Um dos temas mais permanentes nas discussões do mercado editorial e livreiro – aqui e alhures – é o papel e destino das livrarias independentes e das grandes cadeias. Essa discussão se intensificou com o surgimento da Amazon (e olhem que a varejista foi fundada em 1994, com início das atividades de comércio eletrônico em 1995 – já são 22 anos).
Naquele momento era observado o auge do crescimento das grandes cadeias de livrarias nos EUA. As livrarias independentes as tinham como inimigo principal, e as notícias contabilizavam o fechamento de inúmeras lojas nas grandes e médias cidades.
É bom lembrar que, por aqui, a cadeia dominante era a Siciliano (que provocou polêmicas, discussões e gritos ao exigir maiores descontos, na voz de seu controlador, exatamente depois do Plano Real, com a sincera alegação de que ganhava dinheiro com a inflação e que agora as editoras tinham que ajuda-los a recuperar suas margens…). Hoje, comprada a preço de xepa de feira pela Saraiva, o nome da rede é história.
História como nos EUA é o nome da Borders e outras cadeias menores, que não conseguiram concorrer com a Amazon. A própria Barnes&Noble anda mal das pernas há anos, embora seu controlador jure que resistirá. E as livrarias independentes voltaram a florescer na gringolândia, graças a estratégias empresariais e institucionais, através da ABA – American Booksellers Association, como já mencionei várias vezes por aqui.
Na Europa, por sua vez, a Amazon enfrenta problemas, com um severo escrutínio das autoridades reguladoras do continente. E, surpreendentemente, a W. H. Smith, uma cadeia de livros que andou tropeçando, mostrou lucros no ano passado.
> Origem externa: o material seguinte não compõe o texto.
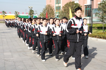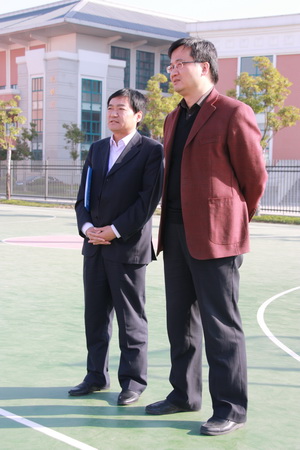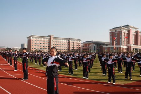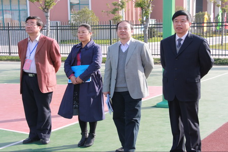 观看课间操 26日上午9:15分,随着运动员进行曲的响起,全校1400余名学生以最短的时间集中整队完毕,然后喊着响亮的口号,跑步走向操场。伴着优美的旋律,在青青草地上,同学们动作整齐地舒展肢体,做起了符合青少年特点、富有青春活力的广播体操。 评估组专家们和陪同领导也在第一时间到达操场,观看了同学们的表演。

Na França e outros países do continente, a lei do preço fixo demonstra sua força e mantém vivas as livrarias independentes. Mas, também como já mostrei aqui, por trás da lei existe um sólido aparato que reúne editores, livreiros, e as “grandes superfícies”, em um comitê que supervisiona a aplicação da lei. Um dos aspectos importantes dessa legislação é que parte dos descontos concedidos pelas editoras às livrarias está condicionado a ações de promoção da leitura.
No entanto, a Amazon continua lépida e fagueira em seu crescimento. Já abriu algumas lojas físicas (modo de dizer, já que as lojas aplicam uma tecnologia muito mais avançada que a disponível em outros varejistas). Além da loja inicial em Seattle, a varejista tem outras em Boston, San Diego, Portland e New York – onde já são várias. E essas são livrarias – a Amazon já experimenta com verduras e alimentos, e agora saiu a notícia que fará o mesmo com eletrodomésticos e roupas. Mike Shatzkin, aqui levanta a possibilidade de que a Amazon se torne a maior varejista – de tudo – nos EUA, e a prazo relativamente curto. Veremos.
Uma das características das lojas da Amazon é a seleção de livros em exibição. De onde veio essa seleção? Bidu: do histórico de compras acumulados pelo site naquela região. Nada de livreiros que “conhecem” seus clientes e mantêm uma seleção de acordo com os gostos dos seus frequentadores. Bezos não se dá a esse luxo, e tudo é definido por algoritmos. Para ele, os dados são mais preciosos que qualquer subjetividade, e definem cada passo a ser dado.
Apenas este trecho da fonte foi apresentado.